Thirdly, we need a plan to deal with the £370 million loan to the sector. To be brutally frank, when we look at the sums given to other areas of the economy, and indeed to the NHS, our pharmacies can be forgiven for feeling a little hard done by. It will mean curtains for some businesses that acted in good faith after being promised that the NHS would receive all the money it needed to fight the pandemic. No pharmacist should be out of pocket for stepping up to this challenge, and we really do need to look very closely at this. Fourthly, we need to make this sector understand that it is valued, and we should encourage people to work in it.

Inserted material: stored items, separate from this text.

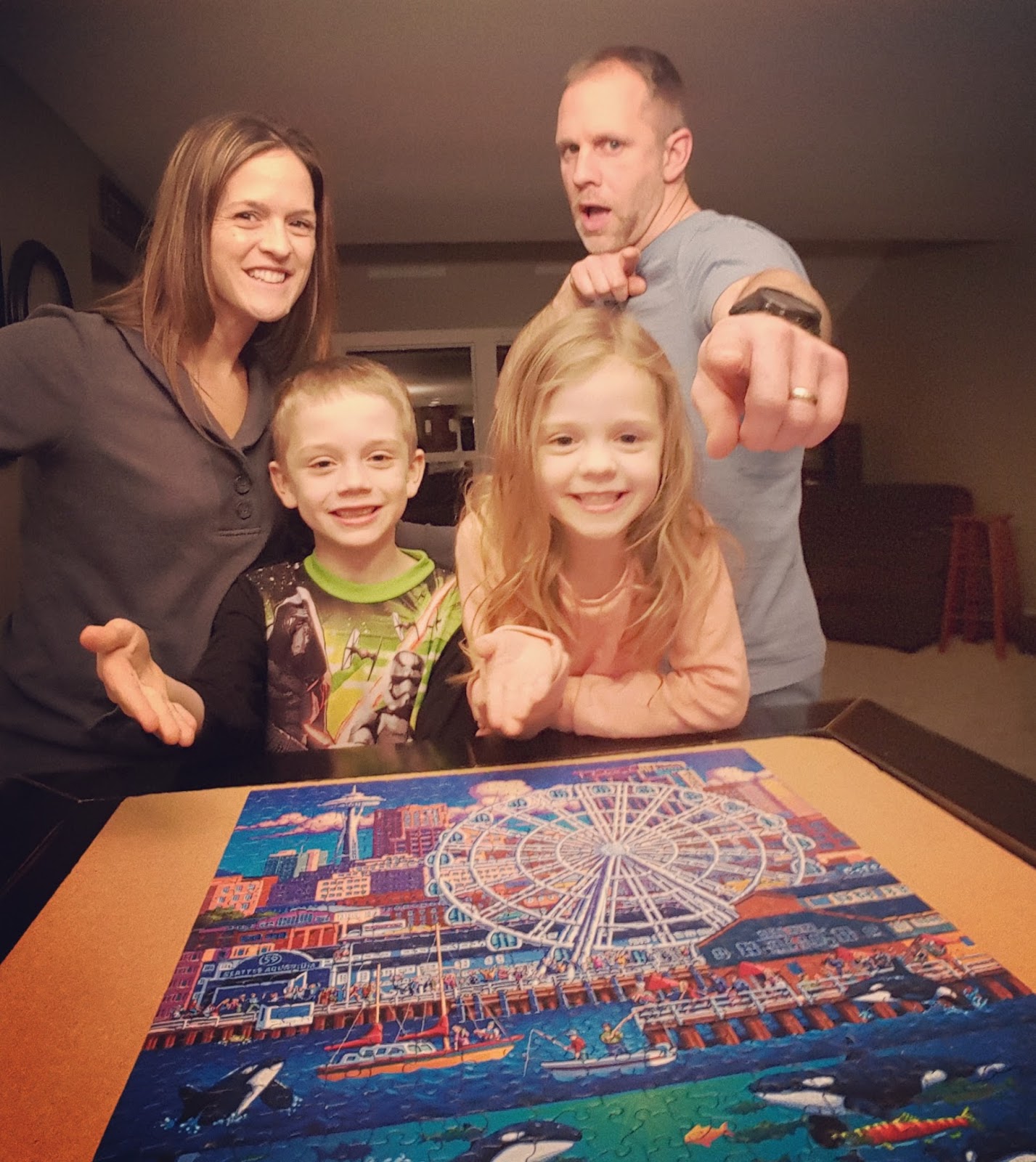 The kids still have a few days of break left, but we’re back to work today. So we finished our family puzzle last night! This puzzle is the kids’ biggest yet – 500 pieces! I was proud of the way they stuck with it and worked for solid blocks of time to finish. I think it’s a new tradition.
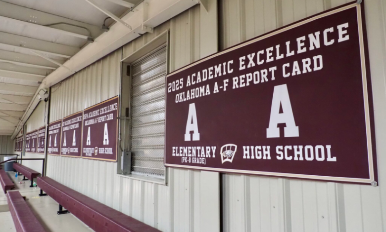 Every banner celebrates the 16 overall A grades that schools in the rural eastern Oklahoma district have received since 2013 on state report cards. A fresh one printed in 2025 signifies Warner’s high school and K-8 school were again among the top 5% highest-performing public schools in the state.
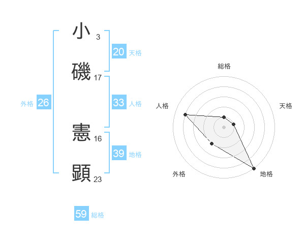 小磯 憲顕さんを姓名の画数から五運を鑑定
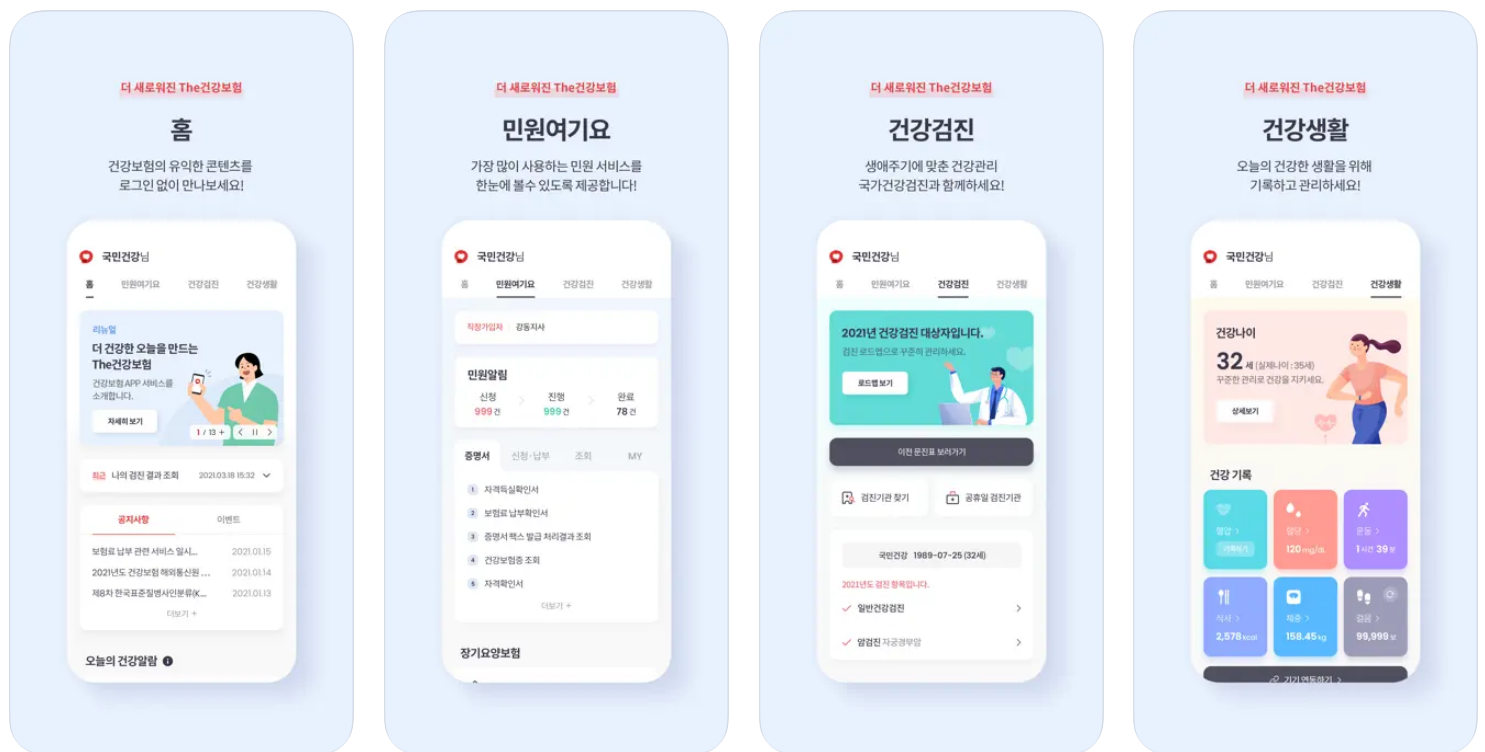 - 보험료 조회 및 납부, 환급금 조회 및 신청, 진료 내역 확인 등의 서비스 제공
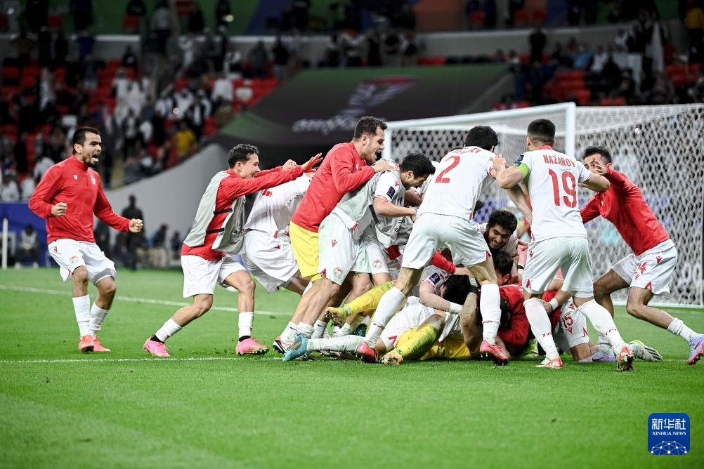当日,在卡塔尔艾哈迈德·本·阿里体育场举行的男足亚洲杯八分之一决赛中,塔吉克斯坦队与阿联酋队在常规时间与加时赛中战成1比1平。通过点球大战,塔吉克斯坦队最终以6比4的总比分战胜阿联酋队,晋级八强。
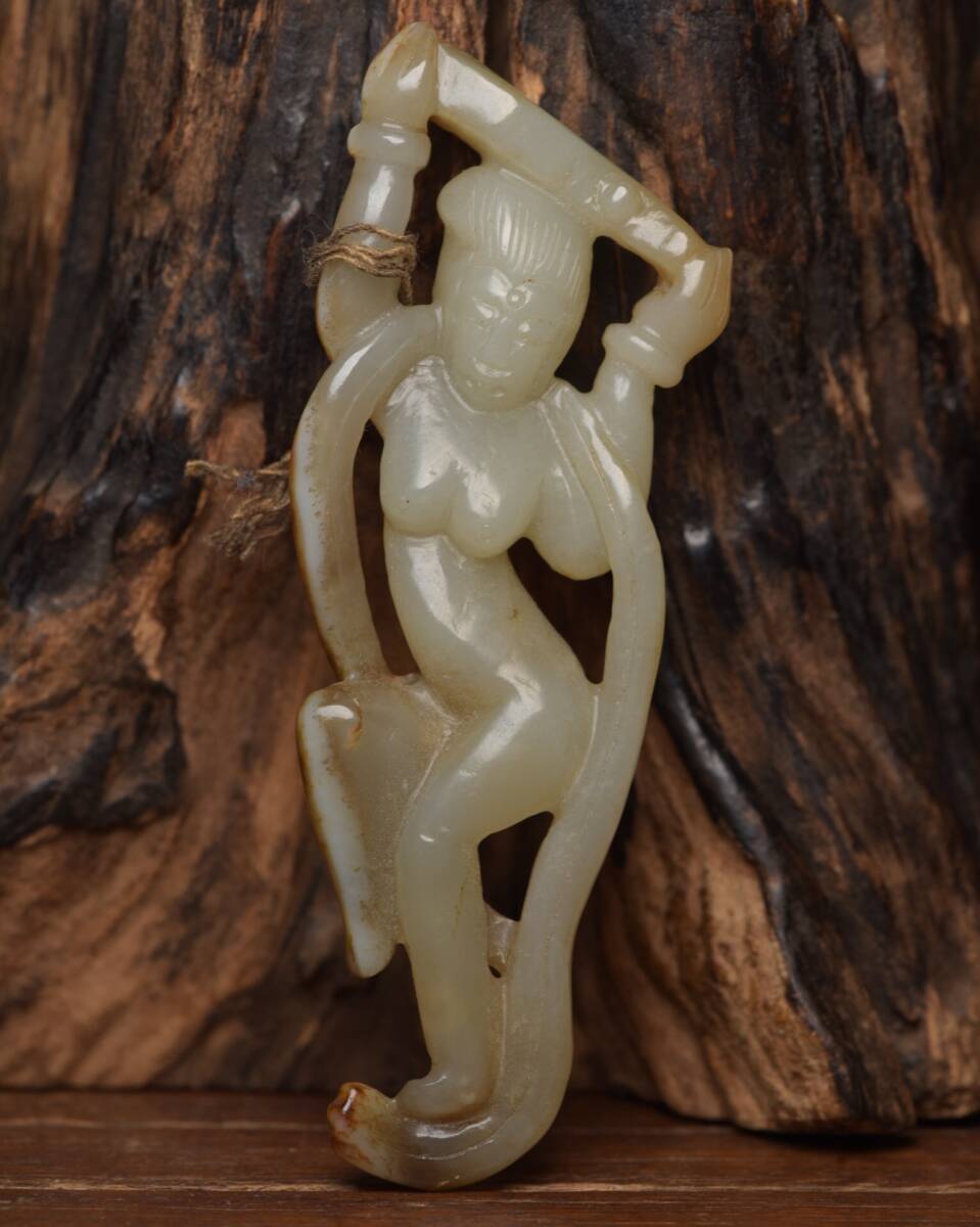 - 『館蔵珍品 和田玉製 細密彫 美女』置物 賞物 貴重物品 収蔵品 中国古美術

To end, I can advise the House that the all-party parliamentary group on pharmacy held an inquiry in December in which we surveyed the opinions of pharmacists. We found an overstretched workforce responding heroically to the challenge of a pandemic, with an attitude of doing what needed to be done, and I salute them for that. The survey also told a story of businesses being saddled with debt for doing the right thing, and it found a workforce who felt undervalued and burnt out by the professional pressure they faced. Let us have a conversation about how we secure our finances for the future. Let us properly thank pharmacists for everything they have done to support us in the last year. If we do not, we will miss them when they are gone.